[[ GIVEN RECORDS, beginning ]]
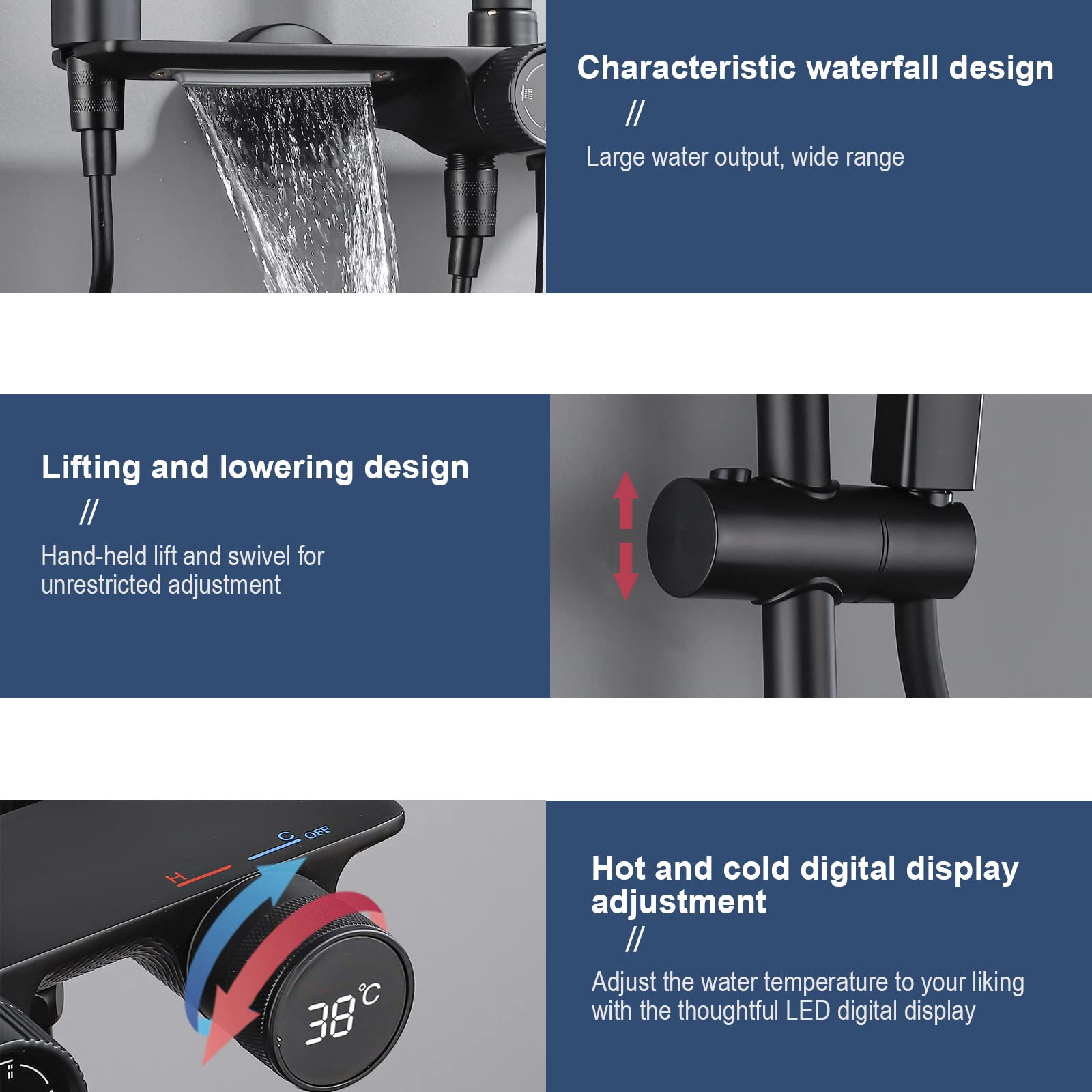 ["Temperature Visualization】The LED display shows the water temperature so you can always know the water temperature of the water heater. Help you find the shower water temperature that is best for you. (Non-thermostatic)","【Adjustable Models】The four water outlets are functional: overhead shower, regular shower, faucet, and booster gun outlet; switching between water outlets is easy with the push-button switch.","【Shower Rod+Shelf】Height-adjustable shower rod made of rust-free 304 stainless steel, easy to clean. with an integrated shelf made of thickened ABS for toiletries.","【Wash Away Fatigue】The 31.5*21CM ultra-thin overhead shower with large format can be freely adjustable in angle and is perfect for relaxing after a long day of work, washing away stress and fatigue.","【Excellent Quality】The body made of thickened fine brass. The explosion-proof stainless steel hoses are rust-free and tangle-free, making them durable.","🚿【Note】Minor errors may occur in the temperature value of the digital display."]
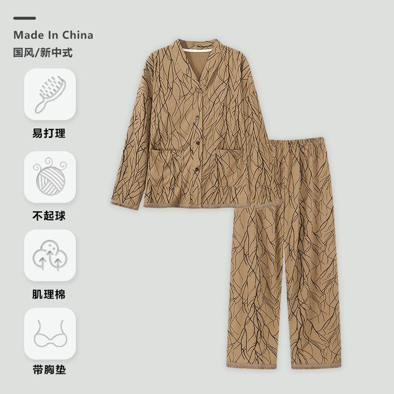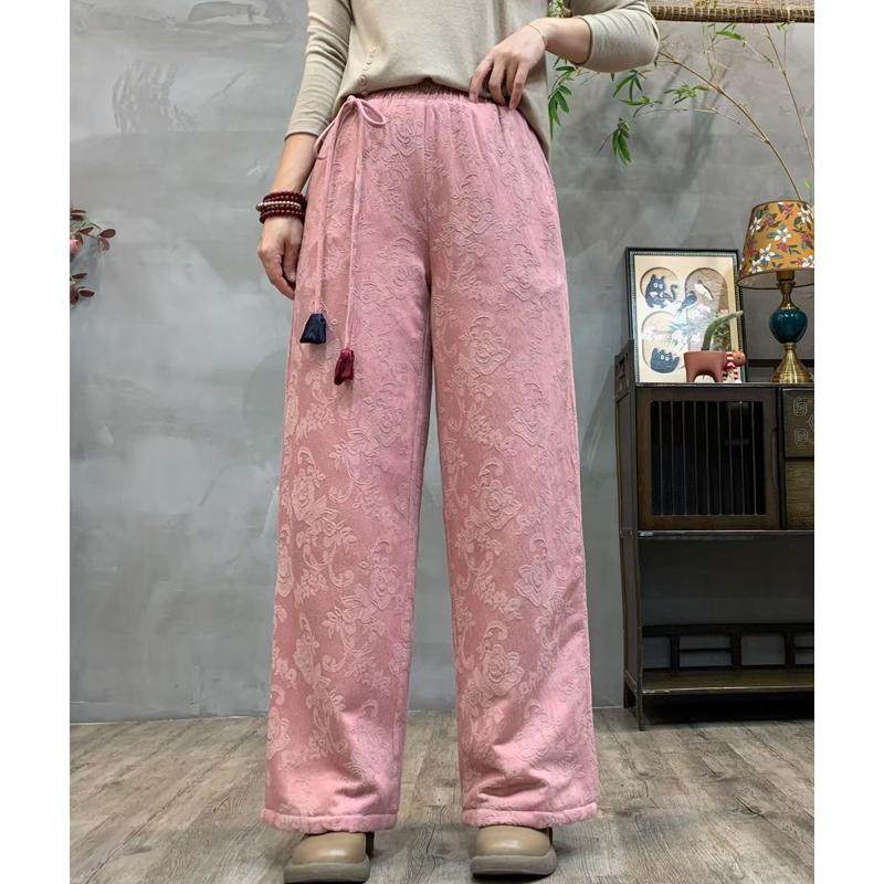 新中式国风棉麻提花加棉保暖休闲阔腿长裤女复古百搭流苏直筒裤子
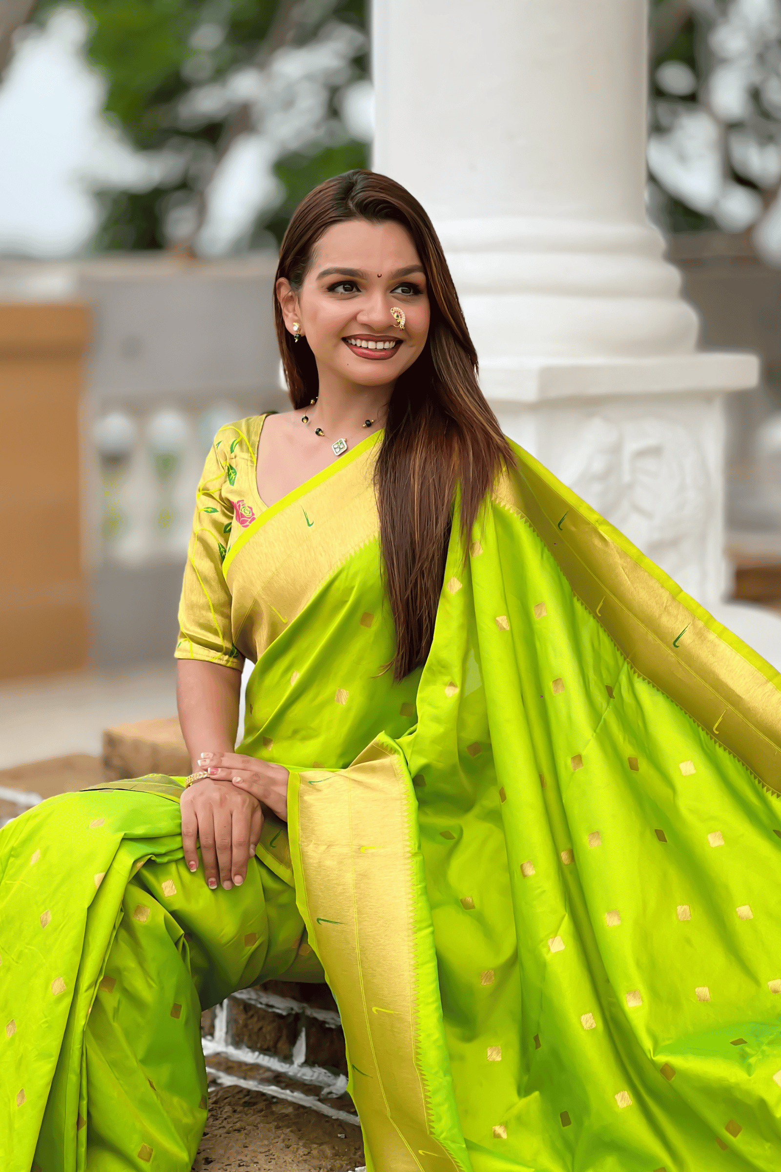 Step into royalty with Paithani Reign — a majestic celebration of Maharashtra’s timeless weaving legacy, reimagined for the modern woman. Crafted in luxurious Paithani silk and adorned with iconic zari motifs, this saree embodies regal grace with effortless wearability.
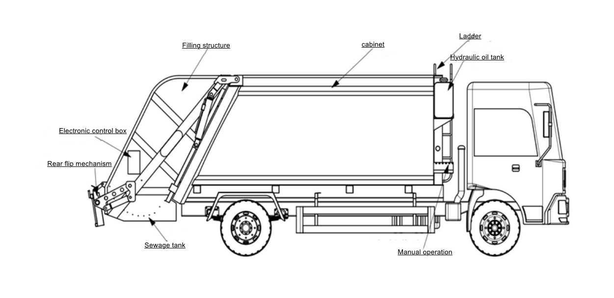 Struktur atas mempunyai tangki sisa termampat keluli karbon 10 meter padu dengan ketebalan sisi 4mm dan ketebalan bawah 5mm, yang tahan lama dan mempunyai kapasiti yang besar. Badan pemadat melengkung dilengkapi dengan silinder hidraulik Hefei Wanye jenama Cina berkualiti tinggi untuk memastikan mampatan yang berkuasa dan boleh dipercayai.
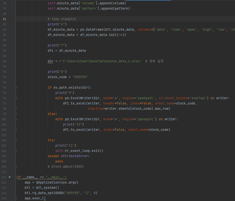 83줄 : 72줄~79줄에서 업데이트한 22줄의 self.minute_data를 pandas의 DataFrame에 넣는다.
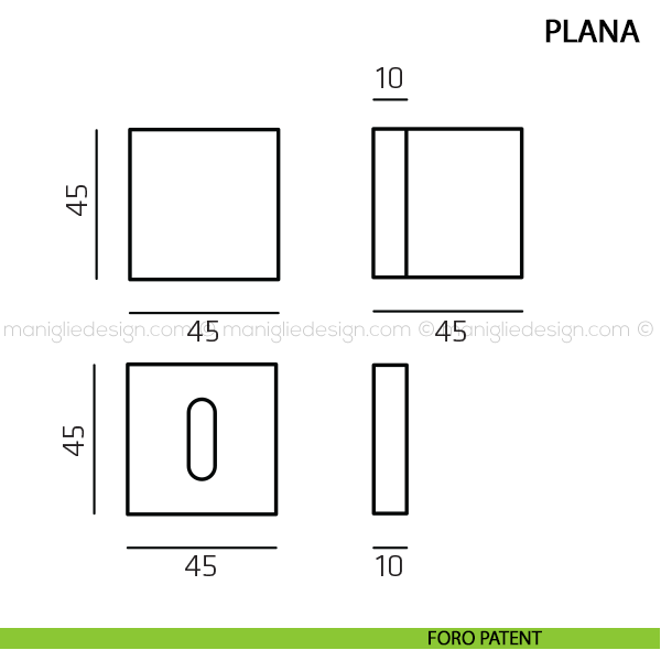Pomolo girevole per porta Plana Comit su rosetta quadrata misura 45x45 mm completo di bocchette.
[[ GIVEN RECORDS, end ]]
[[ GIVEN RECORDS, beginning ]]
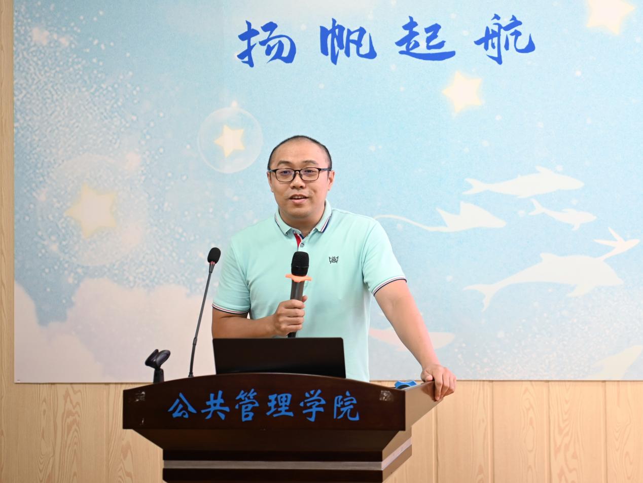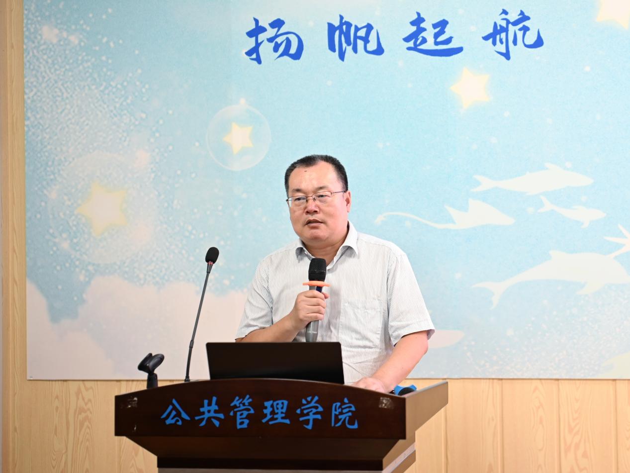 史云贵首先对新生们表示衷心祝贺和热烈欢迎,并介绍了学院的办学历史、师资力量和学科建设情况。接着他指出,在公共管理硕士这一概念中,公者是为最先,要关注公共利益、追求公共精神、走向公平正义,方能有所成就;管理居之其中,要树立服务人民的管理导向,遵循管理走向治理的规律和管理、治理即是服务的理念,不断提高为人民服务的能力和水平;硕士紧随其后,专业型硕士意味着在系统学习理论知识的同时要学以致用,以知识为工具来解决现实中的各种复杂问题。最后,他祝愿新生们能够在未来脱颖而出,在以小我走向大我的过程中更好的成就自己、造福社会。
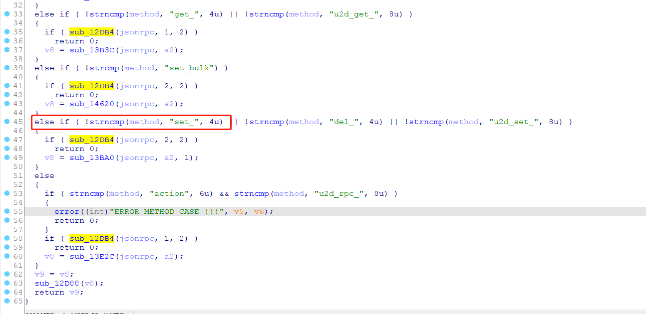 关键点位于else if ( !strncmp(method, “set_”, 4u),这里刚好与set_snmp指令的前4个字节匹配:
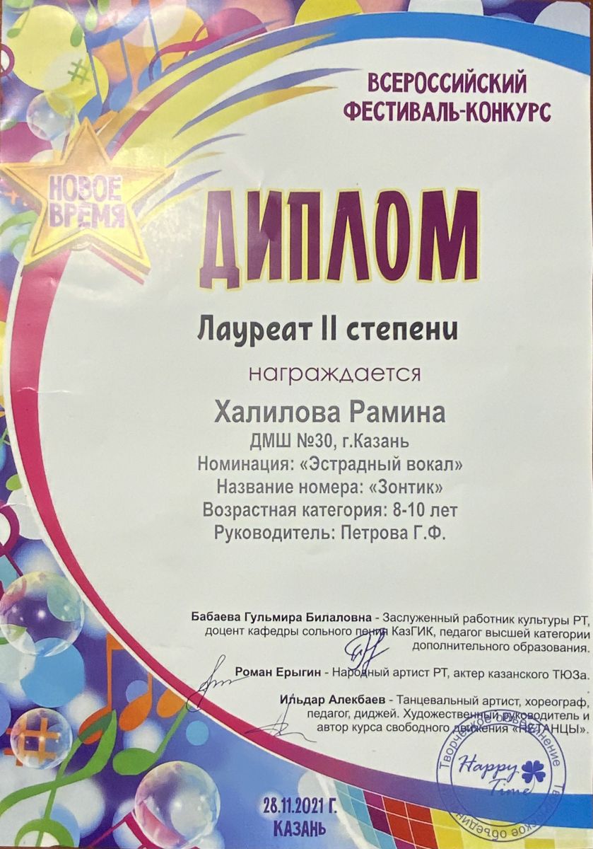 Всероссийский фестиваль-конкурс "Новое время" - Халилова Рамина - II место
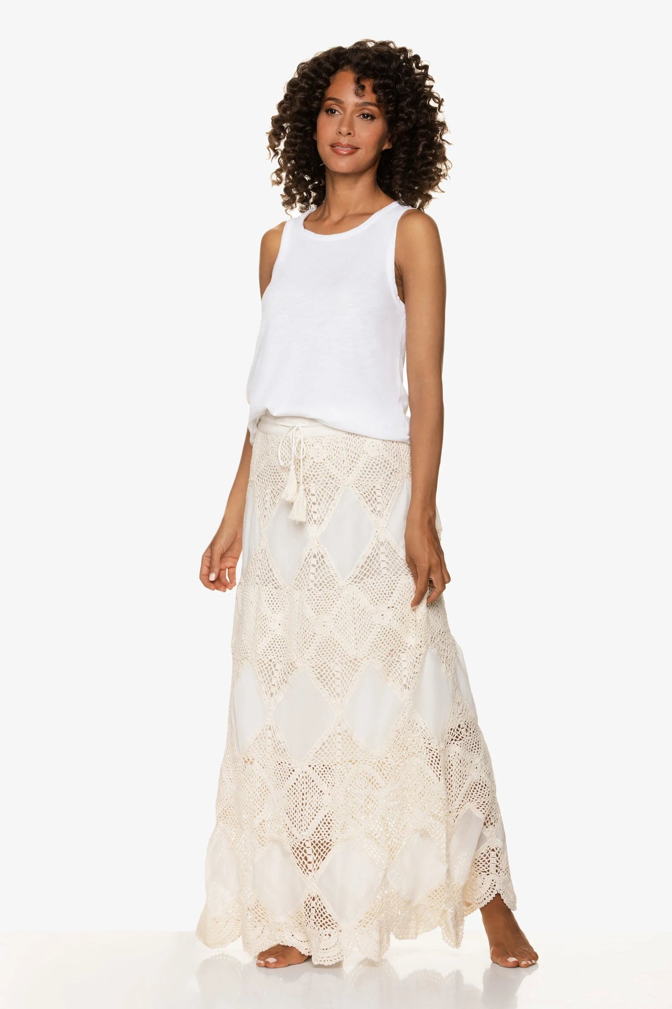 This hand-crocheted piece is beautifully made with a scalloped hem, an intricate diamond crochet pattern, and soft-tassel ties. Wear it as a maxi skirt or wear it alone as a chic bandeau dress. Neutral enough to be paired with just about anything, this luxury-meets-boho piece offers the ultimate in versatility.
[[ GIVEN RECORDS, end ]]
- _REQUIRED ACTION_
Using the records above, print exactly the lines between the ones containing "新中式国风棉麻提花加棉保暖休闲阔腿长裤女复古百搭流苏直筒裤子" and "Pomolo girevole per", inclusive, and nothing else; no pictures.

- _OUTPUT OF THE TASK_
 新中式国风棉麻提花加棉保暖休闲阔腿长裤女复古百搭流苏直筒裤子
 Step into royalty with Paithani Reign — a majestic celebration of Maharashtra’s timeless weaving legacy, reimagined for the modern woman. Crafted in luxurious Paithani silk and adorned with iconic zari motifs, this saree embodies regal grace with effortless wearability.
 Struktur atas mempunyai tangki sisa termampat keluli karbon 10 meter padu dengan ketebalan sisi 4mm dan ketebalan bawah 5mm, yang tahan lama dan mempunyai kapasiti yang besar. Badan pemadat melengkung dilengkapi dengan silinder hidraulik Hefei Wanye jenama Cina berkualiti tinggi untuk memastikan mampatan yang berkuasa dan boleh dipercayai.
 83줄 : 72줄~79줄에서 업데이트한 22줄의 self.minute_data를 pandas의 DataFrame에 넣는다.
Pomolo girevole per porta Plana Comit su rosetta quadrata misura 45x45 mm completo di bocchette.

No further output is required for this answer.